====== Material for this exercise ======

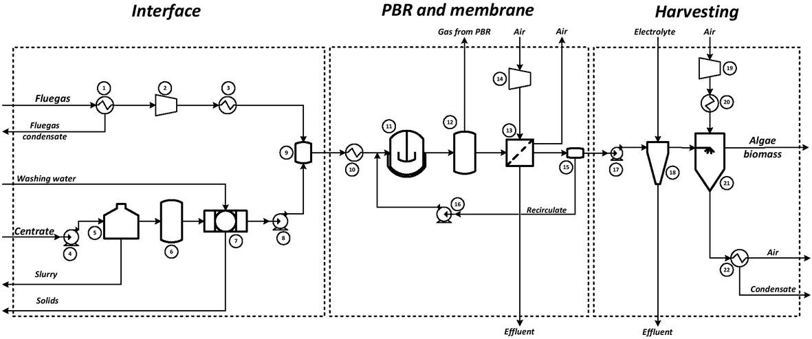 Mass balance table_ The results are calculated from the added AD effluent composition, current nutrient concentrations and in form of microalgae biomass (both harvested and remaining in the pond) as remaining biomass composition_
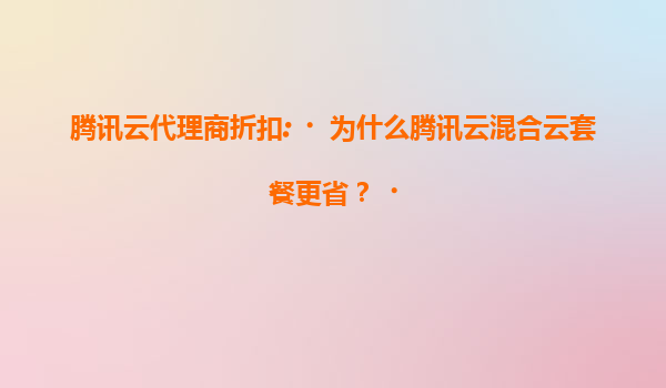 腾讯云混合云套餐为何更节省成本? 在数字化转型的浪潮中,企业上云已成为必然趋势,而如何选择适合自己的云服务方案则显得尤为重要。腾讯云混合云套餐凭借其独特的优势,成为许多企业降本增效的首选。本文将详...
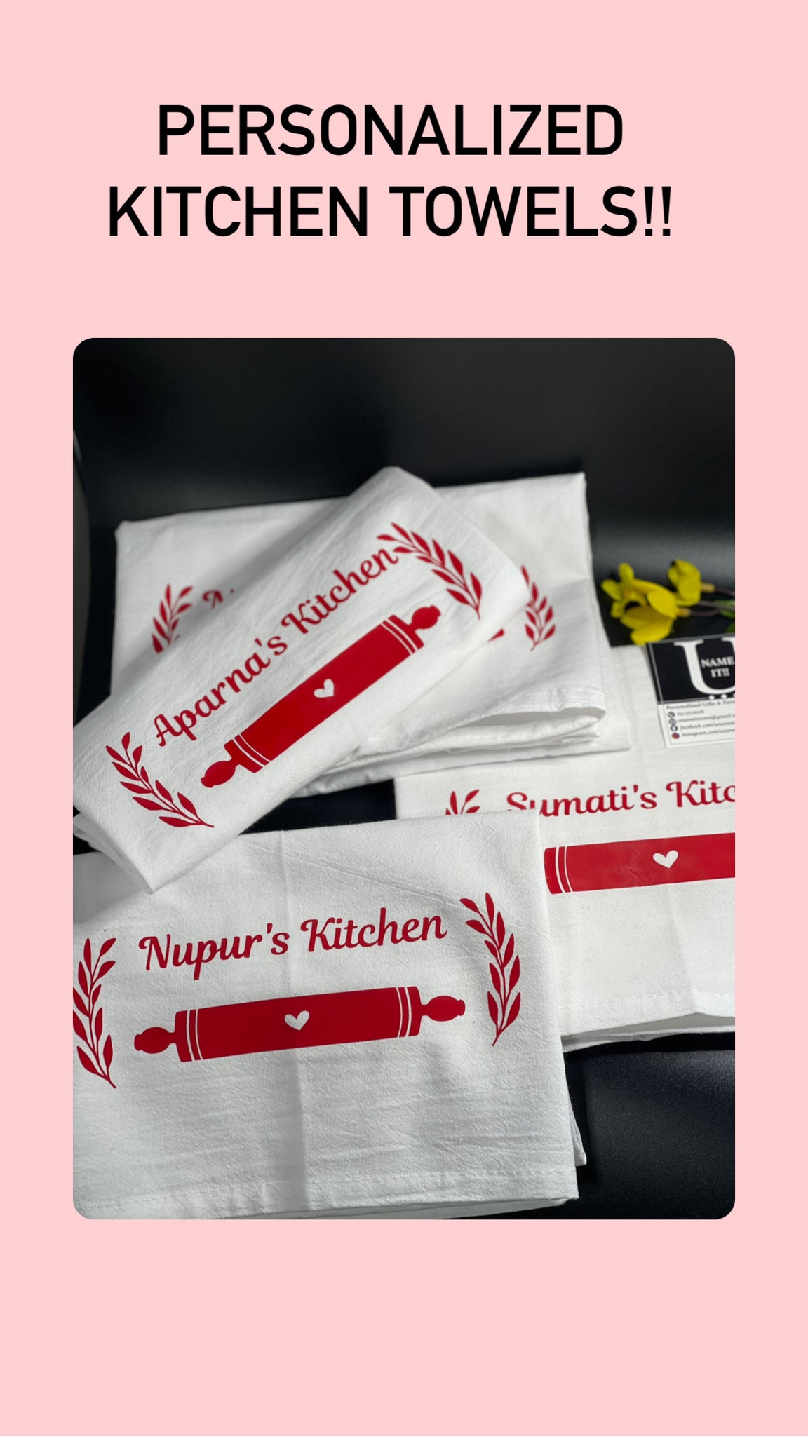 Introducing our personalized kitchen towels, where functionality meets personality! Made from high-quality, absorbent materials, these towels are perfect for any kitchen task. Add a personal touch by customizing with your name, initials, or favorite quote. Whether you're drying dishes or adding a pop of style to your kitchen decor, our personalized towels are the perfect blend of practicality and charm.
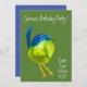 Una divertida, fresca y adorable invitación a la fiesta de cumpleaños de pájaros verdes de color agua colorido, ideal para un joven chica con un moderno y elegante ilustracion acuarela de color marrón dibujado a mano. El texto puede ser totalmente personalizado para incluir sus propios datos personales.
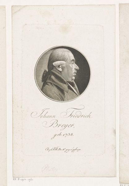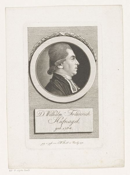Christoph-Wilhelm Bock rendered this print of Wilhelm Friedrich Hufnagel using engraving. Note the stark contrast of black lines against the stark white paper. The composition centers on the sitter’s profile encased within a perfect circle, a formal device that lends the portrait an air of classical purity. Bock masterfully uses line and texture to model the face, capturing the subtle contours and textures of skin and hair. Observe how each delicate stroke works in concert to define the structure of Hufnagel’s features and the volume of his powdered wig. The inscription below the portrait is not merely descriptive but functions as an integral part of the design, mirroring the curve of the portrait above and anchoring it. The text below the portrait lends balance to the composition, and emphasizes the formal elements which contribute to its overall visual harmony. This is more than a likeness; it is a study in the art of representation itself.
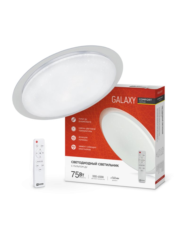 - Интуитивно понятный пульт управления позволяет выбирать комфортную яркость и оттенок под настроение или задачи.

======
====== Material for this exercise ======

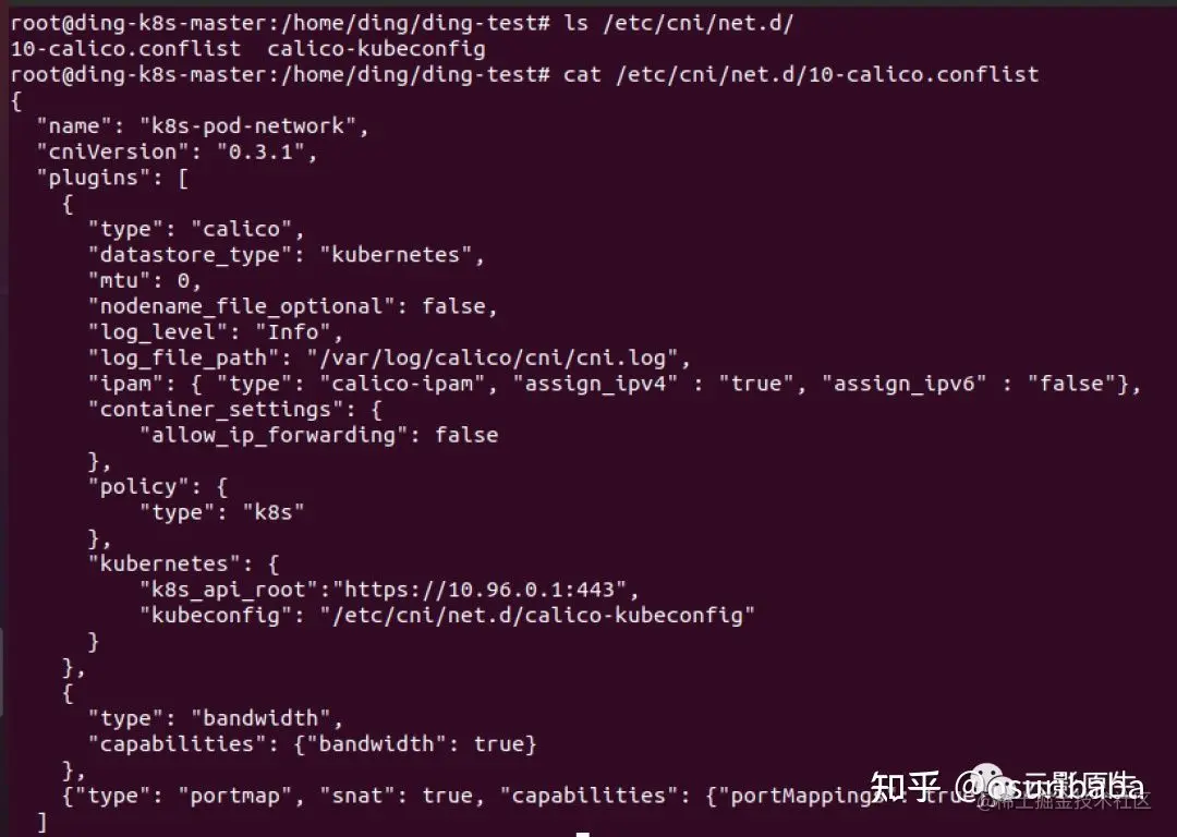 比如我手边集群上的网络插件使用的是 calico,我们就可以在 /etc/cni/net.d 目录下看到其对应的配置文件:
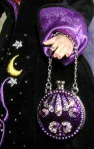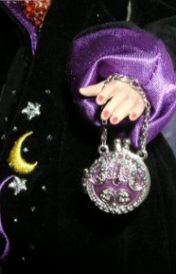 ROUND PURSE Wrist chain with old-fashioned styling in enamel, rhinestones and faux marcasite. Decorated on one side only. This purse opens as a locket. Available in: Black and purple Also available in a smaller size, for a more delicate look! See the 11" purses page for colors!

======

● Exercise objective:
From the line containing "腾讯云混合云套餐为何更节省成" through the line containing "Introducing our personalized", copy every line above exactly, without pictures.

● Solution for this problem:
 腾讯云混合云套餐为何更节省成本? 在数字化转型的浪潮中,企业上云已成为必然趋势,而如何选择适合自己的云服务方案则显得尤为重要。腾讯云混合云套餐凭借其独特的优势,成为许多企业降本增效的首选。本文将详...
 Introducing our personalized kitchen towels, where functionality meets personality! Made from high-quality, absorbent materials, these towels are perfect for any kitchen task. Add a personal touch by customizing with your name, initials, or favorite quote. Whether you're drying dishes or adding a pop of style to your kitchen decor, our personalized towels are the perfect blend of practicality and charm.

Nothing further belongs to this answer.